Following the treaty of 1921 the lands passed from the British crown to the minister for finance, and later to the minister of defence and his department, under the Curragh of Kildare acts, now administers them.
The Curragh of Kildare act of 1961 repealed the 1868 act and parts of the 1870 act, and allowed for the enclosure of parts of the Curragh, and the attendant extinguishment of sheep grazing rights.
In 1964 the minister for Defence introduced a set of bye laws which were statuary instruments providing for further regulation in the use and management of the Curragh. Basically these were a practical list of “do’s and don’ts” relating to the Curragh. The Curragh of Kildare act of 1969 extended the 1961 act and incorporated many of the 1964 byelaws, thereby putting them on the statute book.
The Curragh Plains
The area of the Curragh Plains is recognised as one of the oldest natural grasslands in Europe. It is a recorded monument under the National Monuments Act, being designated a Special Environment.
It now comprises 4,870 acres. It is divided into three areas and identified as follows –
- Brownlands, an area of 771 acres and includes all built up areas and is designated for the exclusive use of the Irish Military.
- Bluelands, an area of 815 acres is allocated as Ranges and Danger Areas.
- Greenlands, the largest area, comprises of 3284 acres, 817 acres of which is controlled by the Turf Club. The Irish Military retain manoeuvring and exercise rights in this area. It is an historical military assembly and training area. Its ancient name of ‘Cuirreach Life’ would suggest that at one time it extended to the banks of the River Liffey. In pre- Christian times it was the site of Aonach Life, a gathering of all the people of the Kingdom of Leinster.
The Danes passed along the plains on more than one occasion, as they raided and plundered the monasteries of Kildare. The Curragh was the place chosen by Richard Talbot, Earl of Tyreconnell to prepare his Army for the cause of James II.
The end of the 18th Century saw the 1798 Rebellion. During this rebellion at the Gibbet Rath, 350 rebels were massacred by the forces of General Duff.

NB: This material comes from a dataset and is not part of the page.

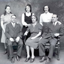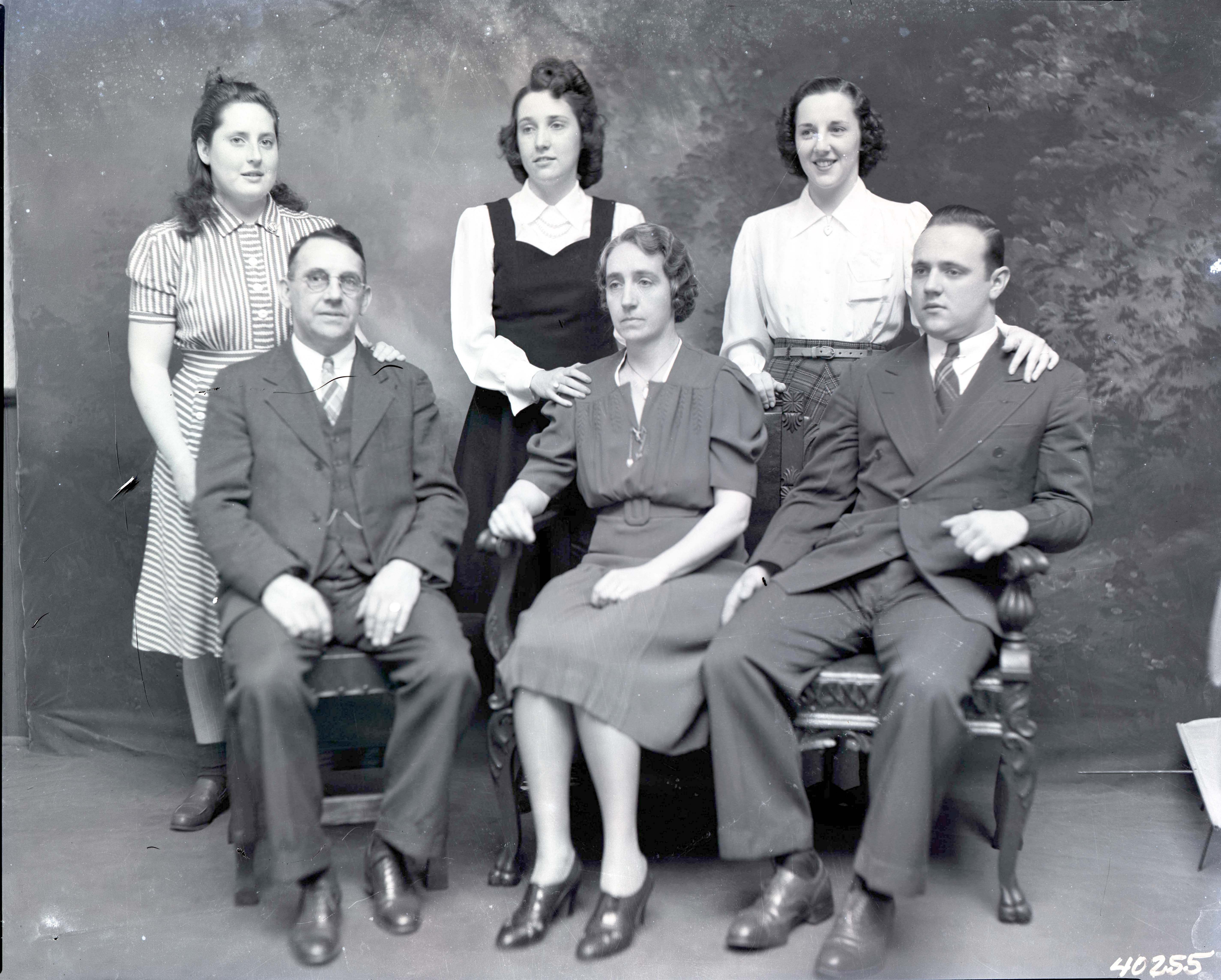 Unidentified man and woman are seated with three unidentified young women standing behind them and an unidentified young man in a suit seated beside them.

Wellington passed through the Curragh on his way to the peninsular wars. It was the Crimean War (1855-1856) which led to the construction of the first permanent camp at the Curragh while in the early 1900’s the present structure of the camp began to appear. Queen Victoria visited the Curragh in 1861 to visit her son the Prince of Wales (Edward VII), who was serving in the Curragh and to inspect troops..
The Irish Bloodstock Industry
The Curragh is at the heart of the Irish bloodstock industry, and due to an enlightened and supportive approach by the department of defence, the management of the Turf Club , and the expertise of our trainers, the Curragh training grounds have developed into a world-renowned training centre, and a major source of employment, using indigenous skills and talents.

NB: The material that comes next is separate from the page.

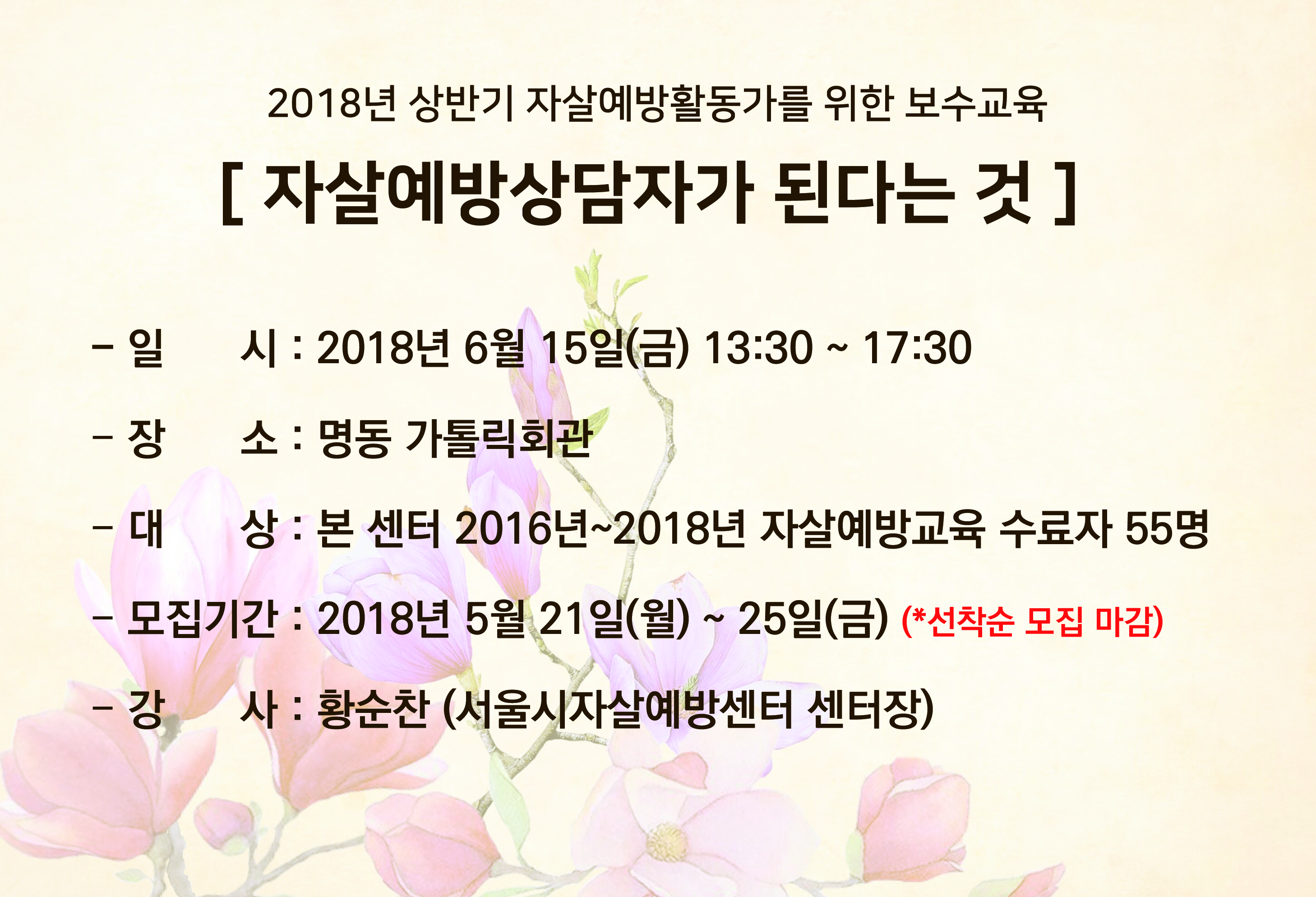 [모집마감] 2018년 상반기 <자살예방활동가를 위한 보수교육> 실시 안내

In addition to the training stables mentioned earlier, numerous large stud farms, including the National stud, have developed on the fringes of the Curragh with the consequent spin off effect into the local economy. Approximately 26% of the horses trained in Ireland are trained on the Curragh, and it is not unreasonable to apply the same percentage to employment levels.
Horses trained on the Curragh have won major races world wide in countries as diverse as England, France, Germany, Hong Kong, America, Canada, and Australia with both 1993 Melbourne Cup winner Vintage Crop and Media Puzzle, winner of the same race in 2002, both trained by Dermot Weld on the Curragh. Other recent notable Curragh successes include world champion Sea The Stars, Champion Hurdle winner Hardy Eustace, Epsom Derby winner Sinndar, Alamshar and Grey Swallow, both winners of the Irish Derby, Cheltenham Gold Cup winner Davy Lady together with Breeders Cup winner Ridgewood Pearl
Click here to go to Curragh Training Grounds.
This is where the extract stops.